As the Wall Street Journal observed, the episode “exposed the deep divisions between the pro-tech and MAGA wings of the Republican Party.” The moratorium fight was not merely a personality spat, like the falling-out between Donald Trump and Elon Musk, but a clash of visions. One side, the tech Right, champions growth and discovery; the other, the populist Right, stresses heritage and cultural values. This rift is likely to resurface in future AI battles, as well as in disputes over tariffs, immigration, autonomous vehicles, cloud seeding, lab-grown meat, prenatal testing, and longevity research.
According to techno-optimist researcher Adam Thierer, the moratorium dispute signals a shift in how many conservatives view innovation. In hindsight, the divide has been hardening for years. Clashes abound: Vivek Ramaswamy ousted from the Department of Government Efficiency for pushing a merit-based H-1B system; Bannon posing with Lina Khan, the Biden administration’s aggressive antitrust enforcer; columnist Ross Douthat asking Peter Thiel whether he is building tools for the Antichrist.

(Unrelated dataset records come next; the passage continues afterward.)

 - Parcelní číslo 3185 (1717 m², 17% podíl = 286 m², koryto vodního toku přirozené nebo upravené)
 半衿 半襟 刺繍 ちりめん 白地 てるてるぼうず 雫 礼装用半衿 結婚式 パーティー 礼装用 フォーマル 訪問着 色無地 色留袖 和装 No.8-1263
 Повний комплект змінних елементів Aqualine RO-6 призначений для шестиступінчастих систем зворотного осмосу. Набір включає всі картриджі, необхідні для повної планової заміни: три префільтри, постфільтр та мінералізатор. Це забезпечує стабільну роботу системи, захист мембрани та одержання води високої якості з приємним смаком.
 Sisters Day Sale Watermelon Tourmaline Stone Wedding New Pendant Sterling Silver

Meanwhile, as the Right squabbles, darker forces gather on the Left. The Democratic Party, despite its 2024 defeat, remains captive to its most strident activists, and consumed by identity politics and redistribution. Many progressives express sympathy with political violence, as was disturbingly evident in reactions to Charlie Kirk’s assassination in September. Their worldview is increasingly dour, apocalyptic, illiberal—hostile to growth and technological progress, no less than to Christianity and national pride.

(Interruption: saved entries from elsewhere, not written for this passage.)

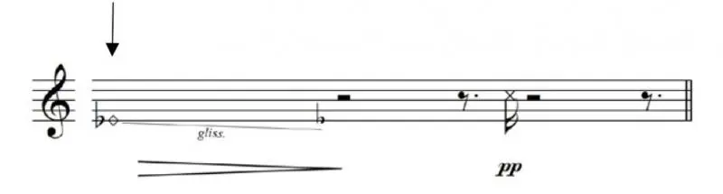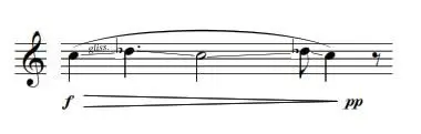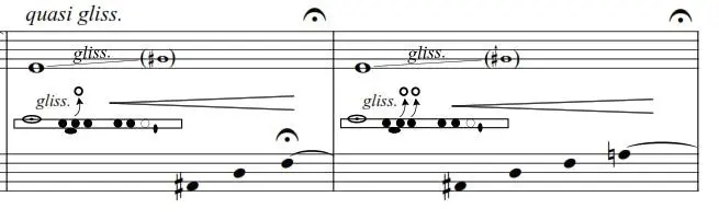 The desired effect can be achieved by turning the instrument in the same manner as with micro-tones. However, gliding between large intervals requires the fingers to slide along the keys. This requires moving the hands in a way whereby the keys are opened and closed gradually (that is, not resembling gears). Ideally, the fingers should be a couple of holes ahead of the end of each section, gradually opening or closing multiple apertures at the same time, depending on the direction of the slide. Producing an uninterrupted glide requires an open-hole flute almost invariably (Ittzés, 2004). (Example: Zoltán Gyöngyössy: Pearls – Hommage à Barnabás Dukay.)
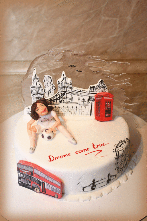 Торты детскиеТортик для корейской девочки, мечтающей поехать в Лондон и увлекающейся футболом)
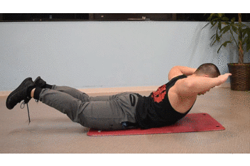 腰が曲がるほど背中を反らせていると、筋肉にもうまく負荷をかけられません。お腹や胸だけを床に接した状態を意識すれば、腰まで反りにくくなります。
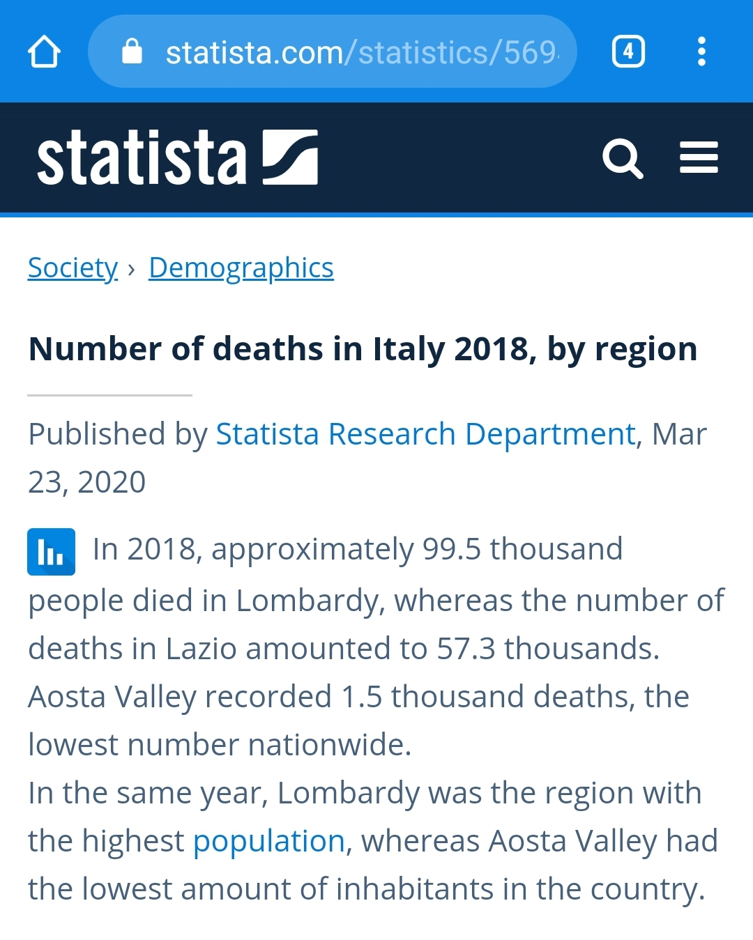 What's going on with the death rate in Italy? It's likely the same thing that was up last year, and the year prior, and the one before that. Evidently people have been dying from respiratory illnesses there for quite some time.
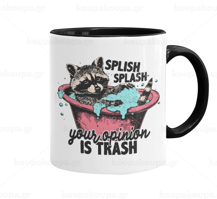 Splish splash your opinion is trash, Κούπα χρωματιστή μαύρη, κεραμική, 330ml
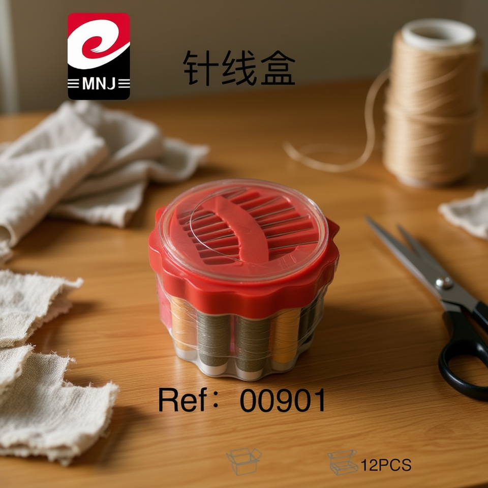 Kit de costura Mnj con agujas e hilos de color rojo, 12 piezas para uso doméstico
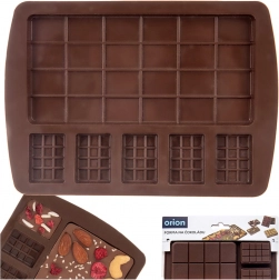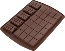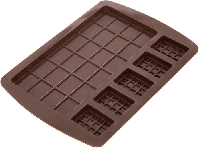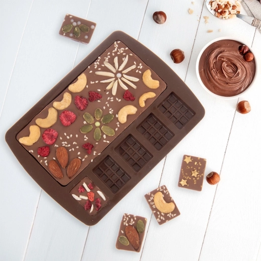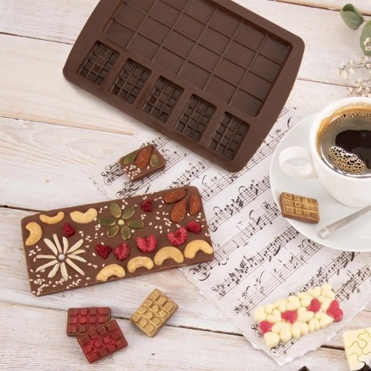 Met deze veelzijdige mal van hoogwaardige siliconen maak je indrukwekkende repen en mini pralines met noten, gedroogd fruit of koekjes. Het flexibele materiaal is stevig, duurzaam en plakt niet, zodat je de afgewerkte stukjes zonder beschadigen kunt lossen. De mal heeft totale afmetingen van 18,5 × 13,5 × 1,5 cm.
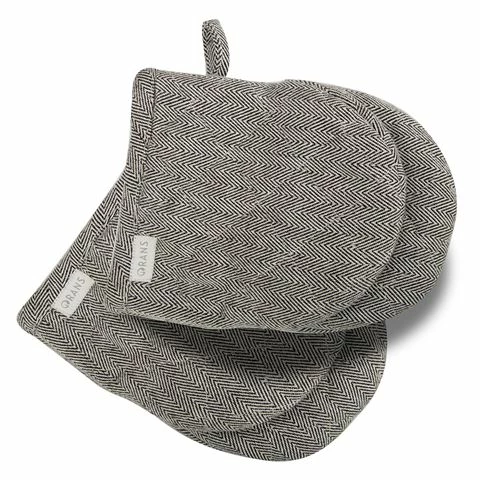 Made from 100% premium cotton, this padded Herringbone Mini Glove Set will protect your hands when handling hot pans and baking dishes. They’re decorated with a chic V-shaped pattern to bring a touch of classic charm to your kitchen, and both mitts feature a convenient loop, so when you’re done, you can hang your gloves from a hook in your kitchen.
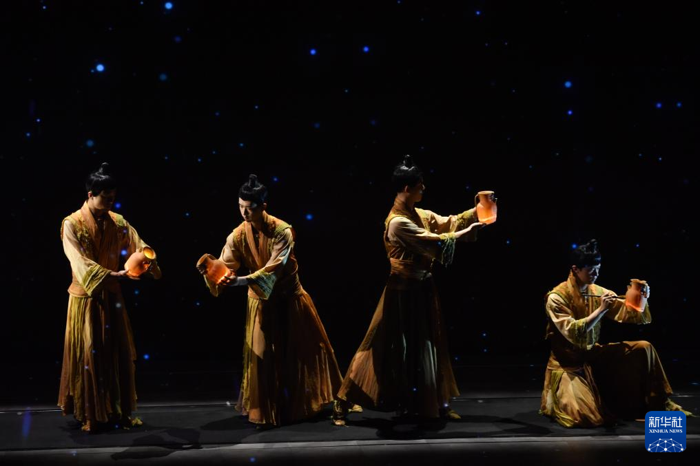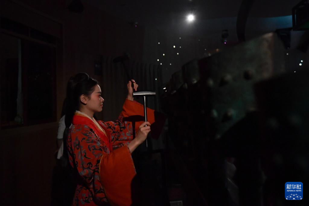 4月12日,演员在舞台剧《寻长沙》中演奏青铜铙。
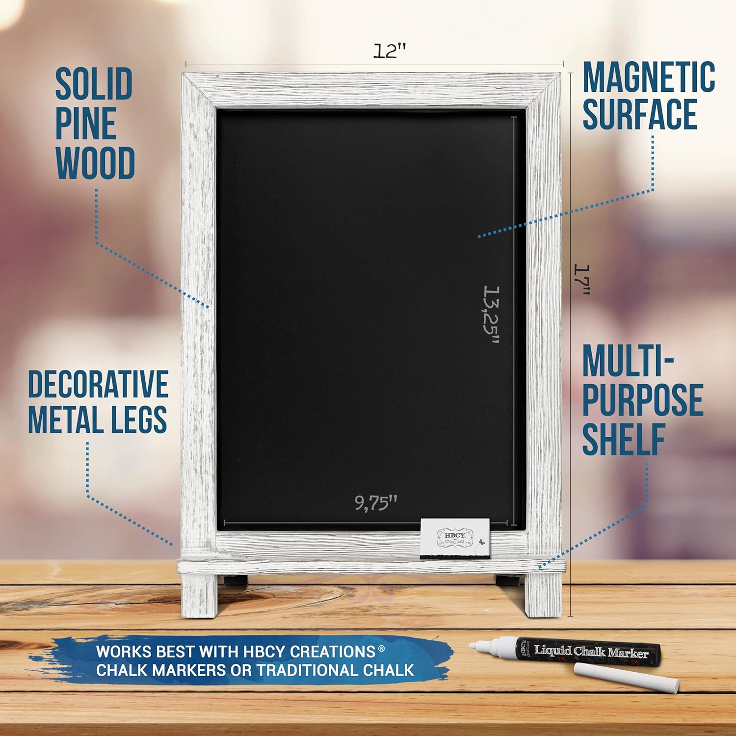 Rustic Whitewash Tabletop Chalkboard Sign/Hanging Magnetic Wall Chalkboard/Small Countertop Chalkboard Easel/Kitchen Countertop Memo Board / 12" x 17" in. Weddings, Birthdays, Baby Announcements

The challenge for the Right is to overcome its internal friction on technological progress, which is real enough, but hardly new. Today’s techno-optimists and populists channel, in twenty-first-century form, the two great forces that the political theorist Frank Meyer taught lay at the heart of American conservatism: libertarianism and traditionalism. Each side needs the other, and each can make the other stronger. They “have their roots in a common tradition,” in Meyer’s still-apt words, and “are arrayed against a common enemy.” They must work together or forfeit the future.